There are a number of major issues facing the commercial vehicle sector at present. In addition to the daily hassles of running the business, operators of van and truck fleets currently also have to deal with things like the Working Time Directive, the lack of new blood in the industry and how to manage asset risk.

The last of these is a concern for a lot of companies. Residual values are highly volatile, forcing operators to look closely at how to deal with the financial risk involved. In addition, the sheer expense of a commercial vehicle fleet (buying half a dozen HGVs or oil tankers can put a serious dent in any company’s balance sheet) is another issue to be managed.

As a result, there has been a lot of attention focused on outsourcing. Bringing in a specialist to handle some or all of the intricacies of fleet management is one option, but another – growing even more popular – is to use vehicles that are funded elsewhere.

But the decision-making process doesn’t end there. There are numerous different funding options available to commercial vehicle operators. The option that is best suited for any given company depends on its own financial position, the needs of its fleet and the operational demands of the business.
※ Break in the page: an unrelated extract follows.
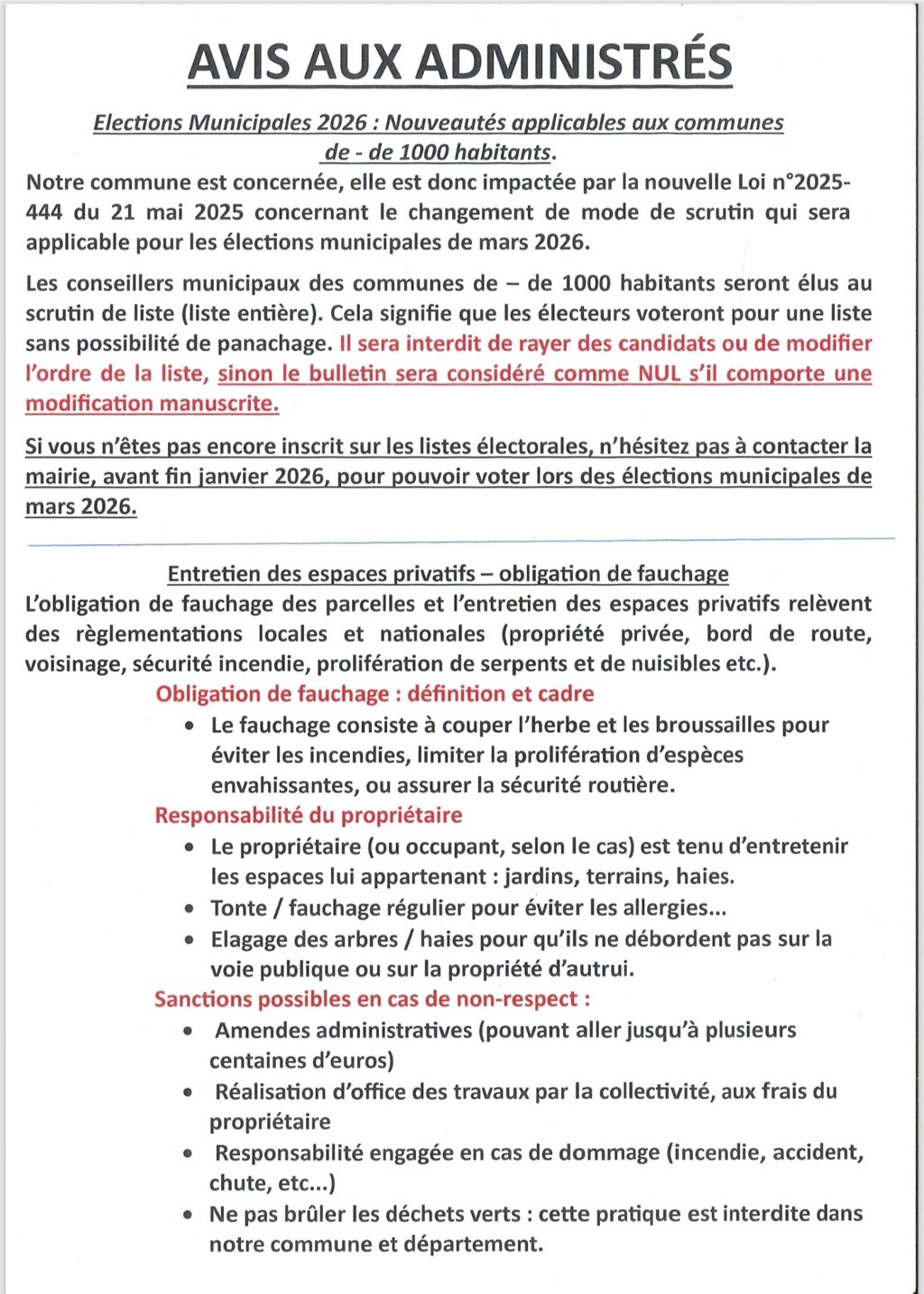 Avis aux administrés

That is why it is vitally important that any company considering using externally funded vehicles analyse all the issues. That often means using the consultancy services of a commercial vehicle specialist so that they can determine exactly which funding method will work best. At the 2003 CV Show, our experts will be available to assist decision-makers that are contemplating changing how they finance their fleets.

For example, a company that wants to own its vehicles without the expense of buying them all at once might choose to acquire them on hire purchase. It obtains the trucks, makes regular payments to the partner providing the funding and takes ownership at the end of the arrangement. Such agreements also usually allow the company to claim Writing Down Allowances.

Alternatively, with the issue of residual values uppermost in mind an operator might decide on a finance lease. The vehicle is used throughout its useful working life, but at the end of the agreement either the rentals are reduced to a nominal level or it is sold on and the company benefits from a proportion of the sale proceeds. Not to mention that finance rentals are usually 100% allowable against tax.

If the balance sheet is a main concern (as it is for many companies looking to improve their gearing ratios), an operating lease can be the right choice. Not only is the asset off the balance sheet, but the rentals take the residual value into account and are thus lower than those found on a finance lease or hire purchase arrangement.

The most popular form of financing method, however, is contract hire. This is, in essence, an operating lease that includes a full package of service, maintenance and repair services. Its popularity stems from the combination of off balance sheet funding, worry-free upkeep of the asset and rentals allowable against tax.

These funding options all have pros and cons depending on the exact needs of the operator. That is why it can help to bring in a specialist. In addition, it is worth noting that some suppliers can also offer guidance on vehicle specification and build. When dealing with fleets of specialist commercial vehicles such as oil tankers and car transporters, tailoring the vehicle to its intended use is not just helpful – it is vital.